A for loop can loop through values of many types:

s = "hello"

for c in s:                  #s is an object of class string
    print(c)
myList = [20, 10, 30]

for item in myList:          #myList is an object of class list
    print(item)
myDict = {
    "yes":   "maybe",        #In the real world, the real meaning of "yes" is "maybe".
    "maybe": "no"
}

for key in myDict:           #myDict is an object of class dict
    print(key, myDict[key])
r = range(10) #The object returned by the range function is of class range.

for i in r:
    print(i)
import sys

#The object returned by the open function is of class io.TextIOWrapper,
#assuming that the file is a text file.

try:
    lines = open(filename)
except BaseException as error:
    print(error, file = sys.stderr)
    sys.exit(1)

for line in lines:
    print(line)

lines.close()
import sys
import urllib.request

url = "http://oit2.scps.nyu.edu/~meretzkm/python/string/romeo.txt"

try:
    lines = urllib.request.urlopen(url)
except urllib.error.URLError as error:
    print(error, file = sys.stderr)
    sys.exit(1)

for line in lines:   #line is a sequence of bytes.
    try:
        s = line.decode("utf-8") #Convert sequence of bytes to string of characters.
    except UnicodeError as error:
        print(error, file = sys.stderr)
    sys.exit(1)

    print(s, end = "")           #s already ends with a newline.

lines.close()

A value that you can loop through with a for loop is called an iterable, although I think a better name would be a forable.
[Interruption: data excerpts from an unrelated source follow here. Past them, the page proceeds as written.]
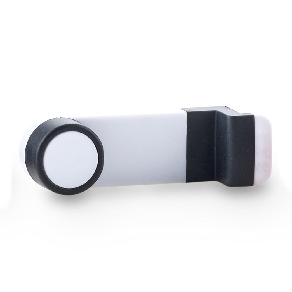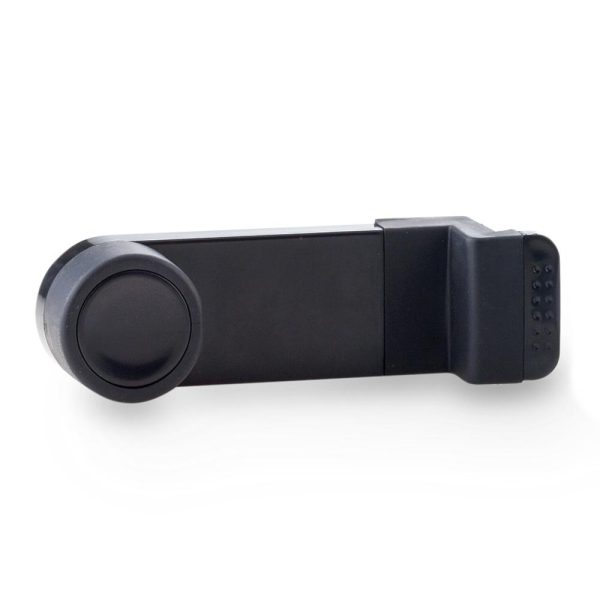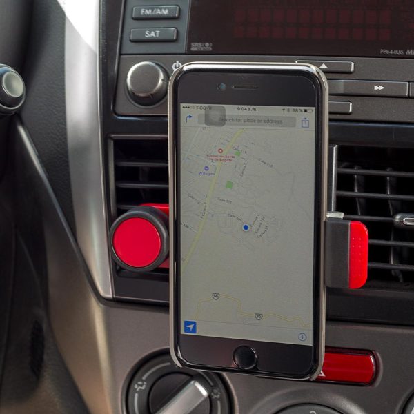 Soporte ajustable para móviles, se fija en la rejilla del ventilador de carro.
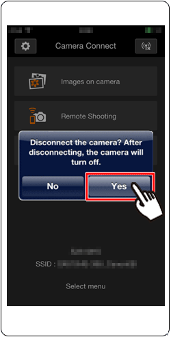 [On]. In this case, enter the password displayed on the camera in the password field on the smartphone when it is displayed.- After confirming that the smartphone and the camera are connected, touch the [Home Button] to return to the [Home Screen].
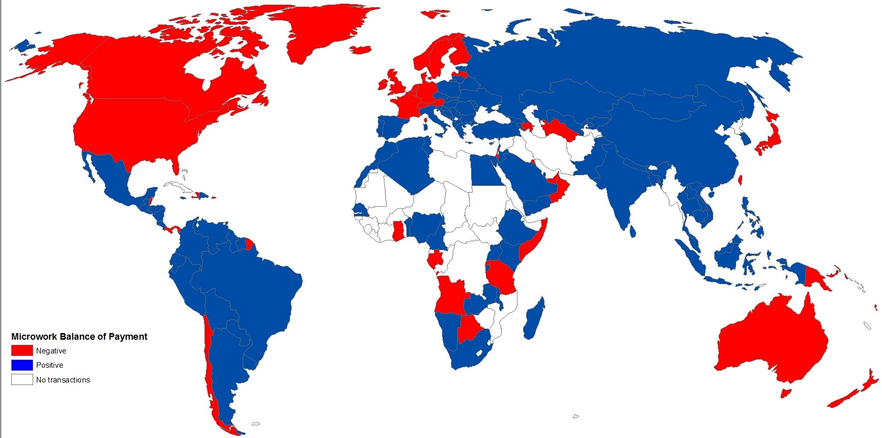 Another Blog post on the geographies of online work adds several more visualizations (based on 2013 data, so a bit dated by now). For instance, one world map highlights the relationship between supply and demand. It distinguishes between countries with a positive balance of payment (i.e. countries in which more work is sold than bought) and countries with a negative balance of payment (countries in which more work is bought than is sold). The figure more clearly delineates the geography of supply and demand: with much of the world’s demand coming from only a few places in the Global North.
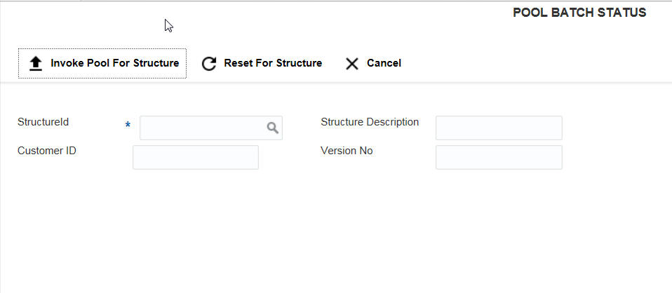 Specify the structure for which the pool has to be executed or reset. You can also select the structure ID from the option list.The list displays all the structure IDs maintained in the system.
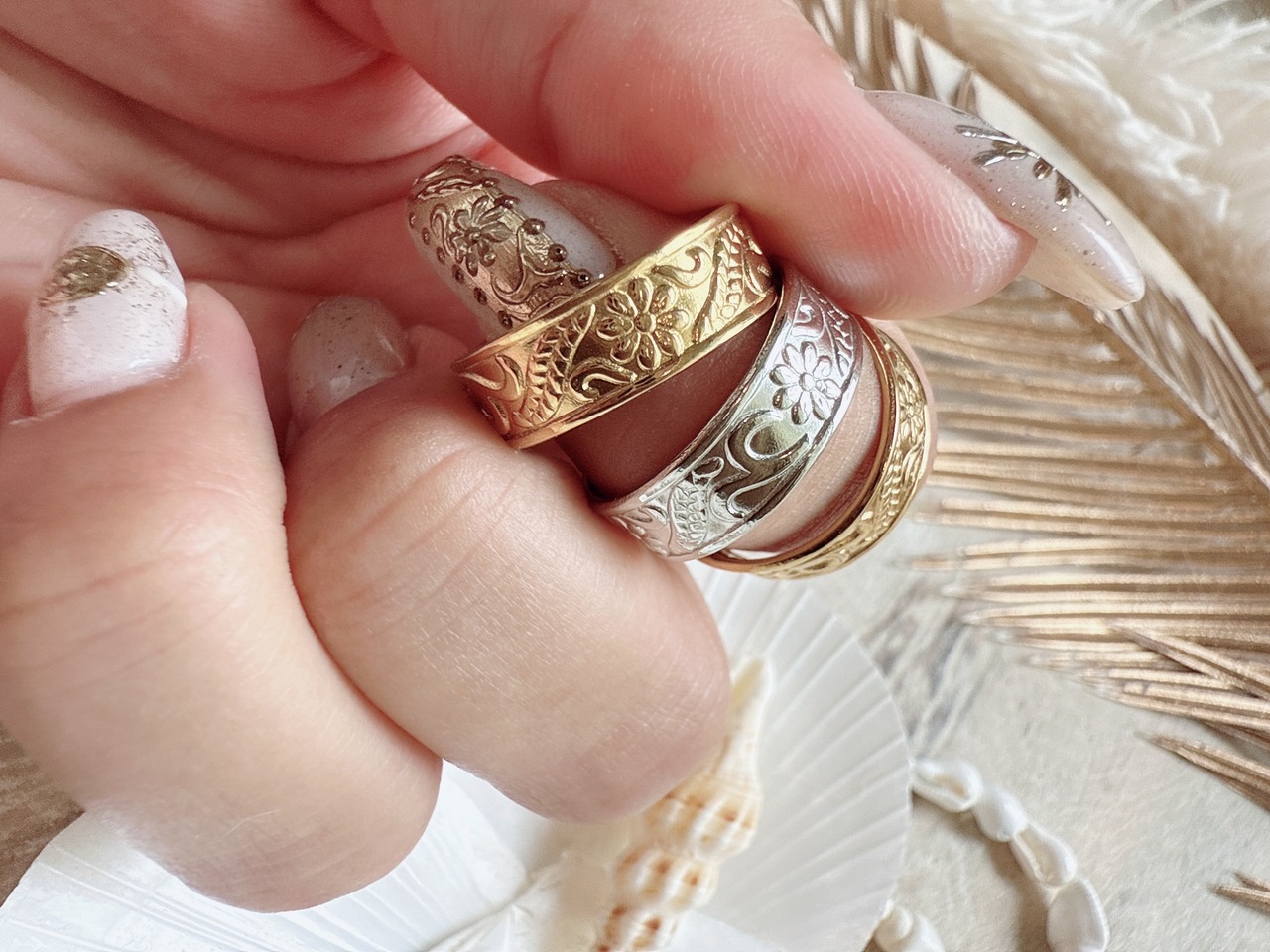 ゴールドは華やかさを、シルバーは透明感を演出してくれるので、気分やコーデに合わせて楽しめます。
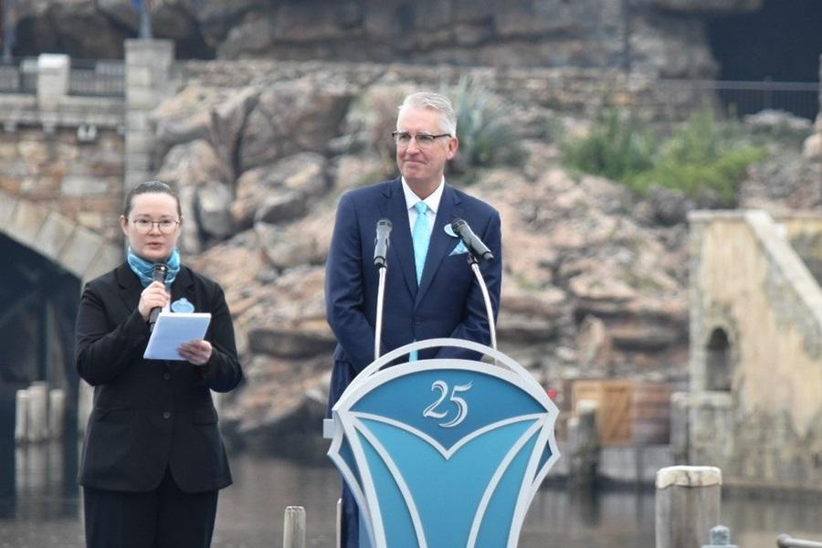 「これからも皆さまの心の中に冒険とイマジネーションの海が輝き続けますように。ジュビリーブルーにきらめく海へと出航しましょう。『東京ディズニーシー25周年"スパークリング・ジュビリー"』開幕です!」と祝祭の開幕を宣言。
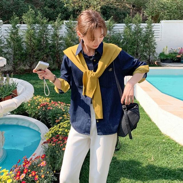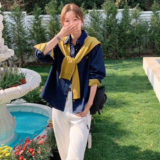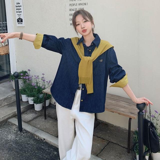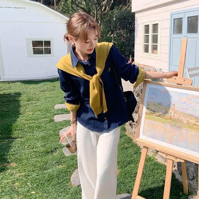 洋氣學院風時尚披肩牛仔襯衫女百搭秋季2025年新款小個子襯衣
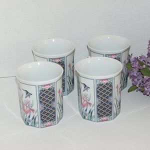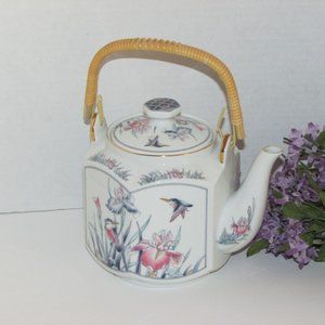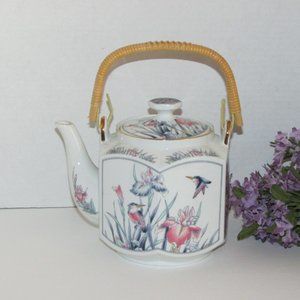 Vintage Tea Set Iris & Hummingbirds Teapot 4 Mugs Japan Cottagecore Cabincore
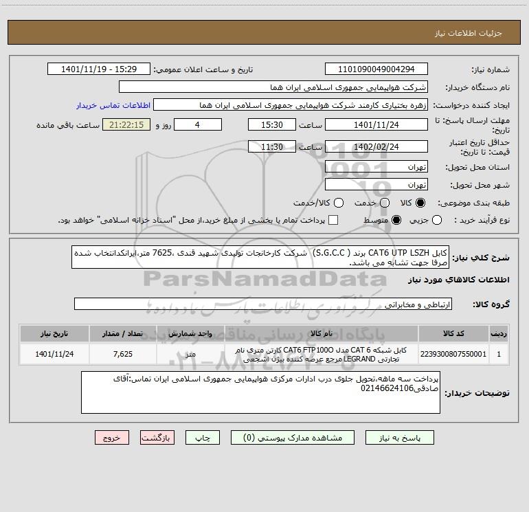 شرح کلی نیاز: کابل CAT6 UTP LSZH برند ( S.G.C.C) شرکت کارخانجات تولیدی شهید قندی ،7625 متر،ایرانکدانتخاب شده صرفا جهت تشابه می باشد.
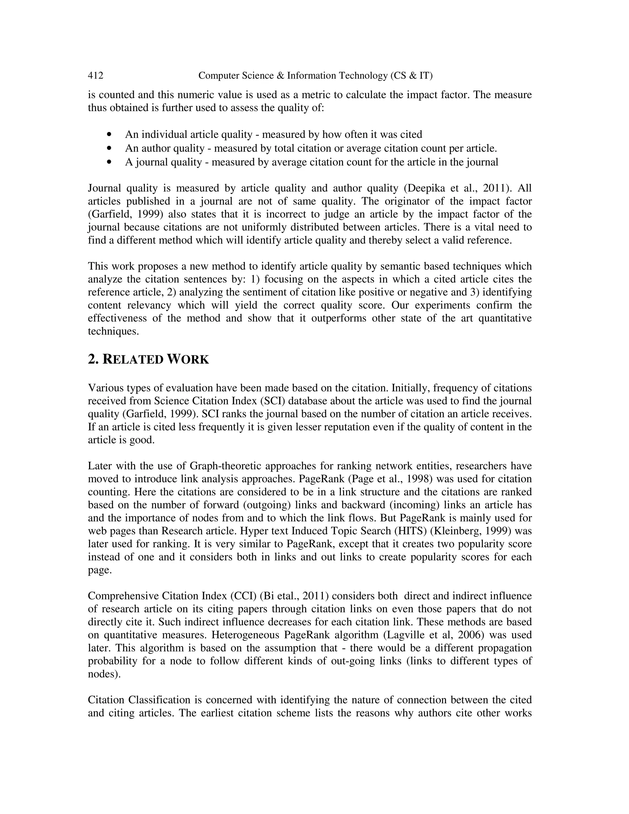 The document discusses a new method for evaluating the quality of research articles through semantic analysis of citations, moving beyond traditional citation count metrics. It introduces techniques like citation classification, sentiment analysis, and content relevancy to provide a more nuanced assessment of a paper's impact and quality. The effectiveness of the proposed methods is demonstrated through empirical results and comparisons with existing techniques.
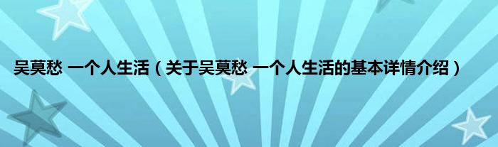 吴莫愁 一个人生活(关于吴莫愁 一个人生活的基本详情介绍)
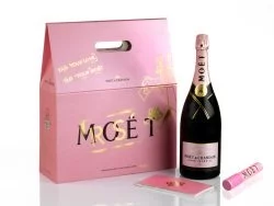 Der Moët & Chandon Rosé Impérial kommt in einem pink-farbenen Geschenkset daher. In der wunderschönen Box wartet nicht nur eine Magnumflasche Champagner auf einen, sondern auch ein pinker Textmarker und Sticker, mit denen man seine persönlichen Liebesbotschaften auf die Flasche setzen und sie dabei natürlich zu einem individuellen Kunstwerk machen kann.
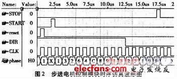 从图2中可以看到,在模拟步进电机启动、停止、正反转时电机的状态。比如在复位后当START=‘1’时,如果这时DIR=‘1’表示电机是正转,则电机的通电状态是A—AB—B—BC—C—CD—D—AD,对应的CPLD的输出状态就为S0~S7。当DIR=‘0’时表示电机是反转,就图2的截图来说在CLK的上升沿时,输出是状态S2,因为它的前一个状态从图上我们可以看出是S1。
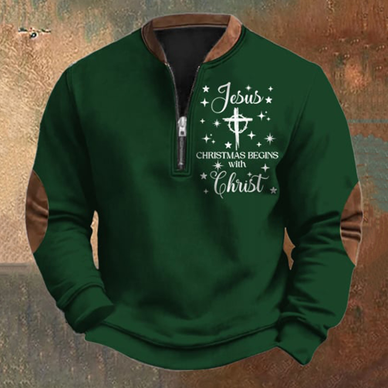 Men's Vintage Faith Printed Zip Collar Sweatshirt
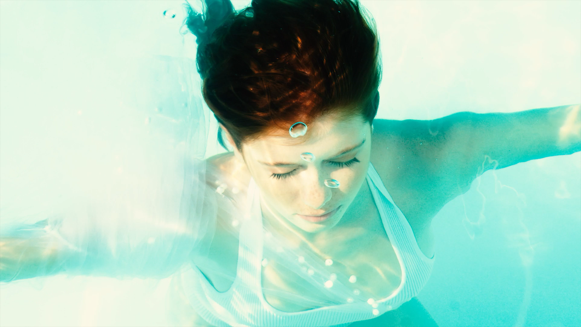 An artist submerging under water with her eyes closed by Santiago Bazan photographer.

#Test if a value is iterable.

infile = open(filename)

try:
    it = iter(infile)
except TypeError:
    print("The value is not iterable.")
else:
    print("The value is iterable.")

for loop

The following for loop iterates through a range of ints. We will build a loop that iterates through a range of fractions.

for i in range(10):
    print(i)
0
1
2
3
4
5
6
7
8
9

What the for loop really does with the above range(10)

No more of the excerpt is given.